Ellen Marx hatte sich in Argentinien und in Deutschland einen Namen gemacht, seit sie sich für die Aufklärung von Diktaturverbrechen während der argentinischen Militärherrschaft (1976–1983) engagierte. Die Militärs hatten ihre Tochter entführt, die bis heute verschwunden geblieben ist.

1939 flieht Ellen Marx vor den Nazis aus ihrer Geburtsstadt Berlin. Sie stammt aus einer deutsch-jüdischen Familie, die sie selbst dem Bildungsbürgertum zurechnete und für die Politik ein Gräuel war. Mit einem französischen Frachter kommt sie nach Argentinien und lebt in der Hauptstadt Buenos Aires. Hier findet sie eine Stelle als Kindermädchen. Sie heiratet einen ebenfalls emigrierten deutschstämmigen Juden. Viele Jahre arbeitet sie an einer deutschsprachigen Schule, später in einem jüdischen Kinderheim in Buenos Aires. Von den Nazis ausgebürgert, lässt sich Marx in der 50ern in der Bundesrepublik wieder einbürgern. Sie versteht sich als in Argentinien lebende Deutsche.

Am 21. August 1978 wird ihre damals 28-jährige Tochter Gertrudis Leonor Marx von argentinischen Militärs verschleppt und gilt seitdem als verschwunden. Zum zweiten Mal verliert Ellen Marx Angehörige durch die Untaten einer Diktatur. Mutter, Großvater, Onkel und Großtanten wurden von Nazis ermordet.

Im Juni 1998 erstattet Ellen Marx zusammen mit anderen deutschjüdischen Diktaturopfern Strafanzeige gegen argentinische Militärs bei der Staatsanwaltschaft am Landgericht Nürnberg-Fürth. Dabei gehe es um „Wahrheit und Gerechtigkeit, den Grundlagen menschlichen Zusammenlebens“, sagte sie damals im Namen einer „Gruppe der deutschen Mütter“ in Argentinien. „Es ist unsere persönliche Mission, nicht zu schweigen und die Erfahrungen an die nächsten Generationen weiterzugeben.“ Unter den rund 30.000 Opfern der Diktatur sind rund 100 Deutsche oder Deutschstämmige.

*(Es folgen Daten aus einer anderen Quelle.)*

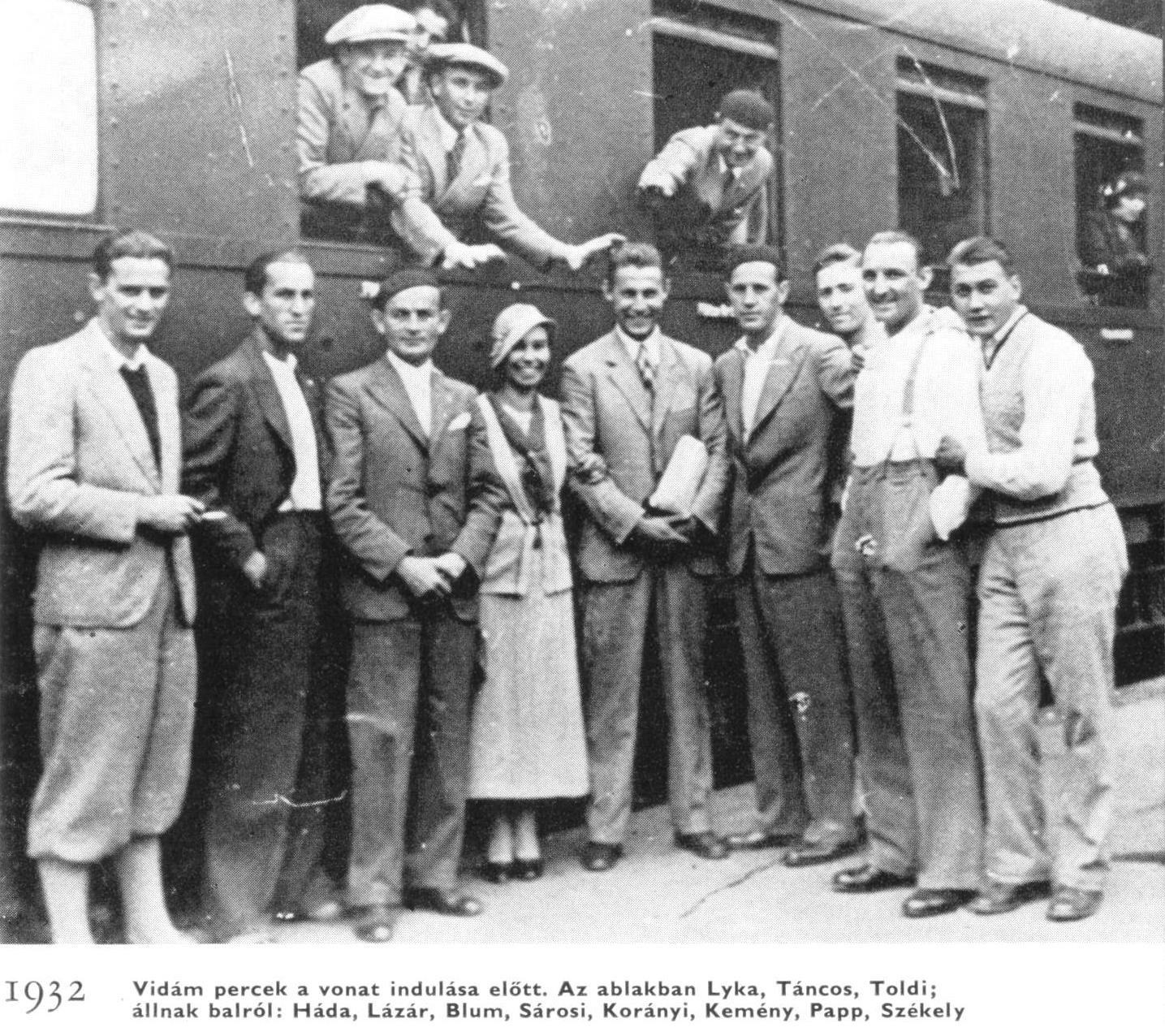 A vonat ablakában sapkában: Lyka II., Táncos. A másik ablakban: Toldi. A vonat előtt állnak (balról): Háda, Lázár, Blum, Sárosi, Korányi, Kemény T., Papp, Székely.

Seit einigen Jahren lebte Marx in einem jüdischen Seniorenheim in San Miguel, einem Vorort von Buenos Aires. Eine Anklageerhebung gegen die für das Verschwinden ihrer Tochter verantwortlichen argentinischen Militärs durfte sie nicht mehr erleben. Das Landgericht Nürnberg-Fürth erklärte sich für nicht zuständig.